Part 4: Interact with Sensors and Actuators

Owned by Thomas Watteyne
Last updated: Feb 06, 2018
6 min read

Goal

Connect sensors and actuators to your mote, and interact with them from your Node-RED instance in the IBM Cloud!

The Setup

You will be working "in the cloud": you will create a Node-RED application on your private IBM Cloud instance which interacts with the motes you have in the room.

On IBM Cloud, or anywhere else!

We use your Node-RED instance on IBM Cloud to show interaction from outside the classroom (here from the UK IBM datacenter). Of course, that Node-RED instance could have been running on any Internet-connected computer in the world.

Install and Configure the Node-RED flow

Goal

You will find a functional Node-RED flow in the source code you downloaded. In this section, you will install it into your Node-RED instance on IBM Bluemix, and configure it to connect to our Watson IoT Platform, and talk to your manager and mote.

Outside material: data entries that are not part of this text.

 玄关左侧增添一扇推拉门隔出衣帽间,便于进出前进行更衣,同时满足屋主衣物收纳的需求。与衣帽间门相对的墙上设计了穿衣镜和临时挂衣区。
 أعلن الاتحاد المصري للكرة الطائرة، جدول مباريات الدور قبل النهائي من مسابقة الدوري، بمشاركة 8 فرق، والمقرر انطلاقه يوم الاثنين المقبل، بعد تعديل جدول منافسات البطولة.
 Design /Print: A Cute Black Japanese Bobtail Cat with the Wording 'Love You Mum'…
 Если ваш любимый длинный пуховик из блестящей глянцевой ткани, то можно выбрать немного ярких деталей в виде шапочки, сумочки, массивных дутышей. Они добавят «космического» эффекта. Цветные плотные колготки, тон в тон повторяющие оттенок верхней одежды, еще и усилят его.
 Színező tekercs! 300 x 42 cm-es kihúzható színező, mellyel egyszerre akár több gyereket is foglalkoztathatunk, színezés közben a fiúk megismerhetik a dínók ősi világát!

Install the pre-built flow

  • Open your Node-RED instance on IBM Cloud
  • Also open http://mars.solsystem.io/red/
    • Navigate to the "sensors/actuators" tab
    • select all (Ctrl+A)
    • Open the hamburger menu, export, clipboard
    • copy the contents of that clipboard (Ctrl+C)
  • On your Node-RED instance
    • Open the hamburger menu, import, clipboard
    • paste (Ctrl+V), and click Import

  • You now have a copy of that flow running on your Node-RED instance

Crash Course 33.4.1 (given by your instructor)

Walk-through of the flow.

Configure the API Key and Authentication Token

  • Ask you instructor the "API key" and "Authentication Token" to use
  • In the Node-RED flow, double-click on "all events", then on the pen next to "API Key"
     
  • Enter the "API Key" and "API Token", click update
  • Click "Deploy", make sure all three ibmiot boxes appears as "connected"


Configure the mote you will interact with

  • Pick up one of your boards
  • You can read the last 3 bytes of its MAC address (e.g. "38-07-0c") on the sticker above the main chip

  • Its MAC address starts with "00-17-0d-00-00" and ends with what's on the sticker. So in my case the MAC address of my mote is "00-17-0d-00-00-38-07-0c".

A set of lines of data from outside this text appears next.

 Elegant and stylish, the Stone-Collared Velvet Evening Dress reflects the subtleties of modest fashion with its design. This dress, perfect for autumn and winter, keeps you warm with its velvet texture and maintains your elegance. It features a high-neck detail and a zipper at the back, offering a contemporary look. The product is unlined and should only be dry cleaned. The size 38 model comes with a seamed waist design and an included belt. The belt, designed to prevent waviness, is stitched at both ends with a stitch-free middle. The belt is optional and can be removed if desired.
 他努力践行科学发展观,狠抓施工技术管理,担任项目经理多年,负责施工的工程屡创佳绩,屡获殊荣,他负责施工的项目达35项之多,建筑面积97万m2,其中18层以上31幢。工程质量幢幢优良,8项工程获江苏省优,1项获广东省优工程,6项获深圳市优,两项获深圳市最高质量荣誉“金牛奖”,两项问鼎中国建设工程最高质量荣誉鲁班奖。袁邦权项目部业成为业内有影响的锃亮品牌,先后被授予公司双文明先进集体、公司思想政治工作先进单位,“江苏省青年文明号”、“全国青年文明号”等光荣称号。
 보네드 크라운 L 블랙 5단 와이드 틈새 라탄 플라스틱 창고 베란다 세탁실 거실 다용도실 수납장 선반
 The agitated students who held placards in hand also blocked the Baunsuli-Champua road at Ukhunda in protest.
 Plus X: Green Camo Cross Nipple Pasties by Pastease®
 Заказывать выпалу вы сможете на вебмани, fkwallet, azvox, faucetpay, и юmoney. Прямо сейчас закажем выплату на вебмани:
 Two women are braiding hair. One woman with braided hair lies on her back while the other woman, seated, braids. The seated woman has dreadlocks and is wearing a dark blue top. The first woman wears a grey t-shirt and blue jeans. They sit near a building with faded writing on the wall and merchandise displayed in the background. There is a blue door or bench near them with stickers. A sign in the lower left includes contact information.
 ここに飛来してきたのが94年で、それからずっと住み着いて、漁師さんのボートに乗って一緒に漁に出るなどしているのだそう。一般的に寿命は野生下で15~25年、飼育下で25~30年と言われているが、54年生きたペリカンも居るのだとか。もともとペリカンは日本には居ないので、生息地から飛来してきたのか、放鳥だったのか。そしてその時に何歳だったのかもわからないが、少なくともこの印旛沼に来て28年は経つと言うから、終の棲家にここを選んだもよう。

  • What is the MAC address of your mote?

    Answer 33.4.1


    Use lower-case characters only!

    The Watson IoT Platform is case sensitive, so MAC address "00-17-0d-00-00-38-07-0c" is different from "00-17-0d-00-00-38-07-0C". By convention, we use lower-case characters only.

  • In the Node-RED flow, double-click on the "all events" ibmiot node, and enter your mote's MAC address in the Device ID field

  • repeat for the "all commands" and "oap Request" nodes

  • Click "Deploy"

    Beware of inactive debug nodes!

    The debug nodes in Node-RED can be active or inactive. If your debug node is inactive, if will not print anything in the debug tab!

    activeinactive

What just happened?

Congratulations! You are now running a Node-RED application somewhere on the Internet which can send commands and receive events/responses for a particular mote.

Interact with your mote

Goal

You will now interact with your mote directly over the wireless network. Finally!

Just listen, will you!

  • Sit back and relax for a couple of minutes, while watching the debug pane fill up

  • What are the types of events you receive from your mote?

    Answer 33.4.2


Crash Course 33.4.2 (given by your instructor)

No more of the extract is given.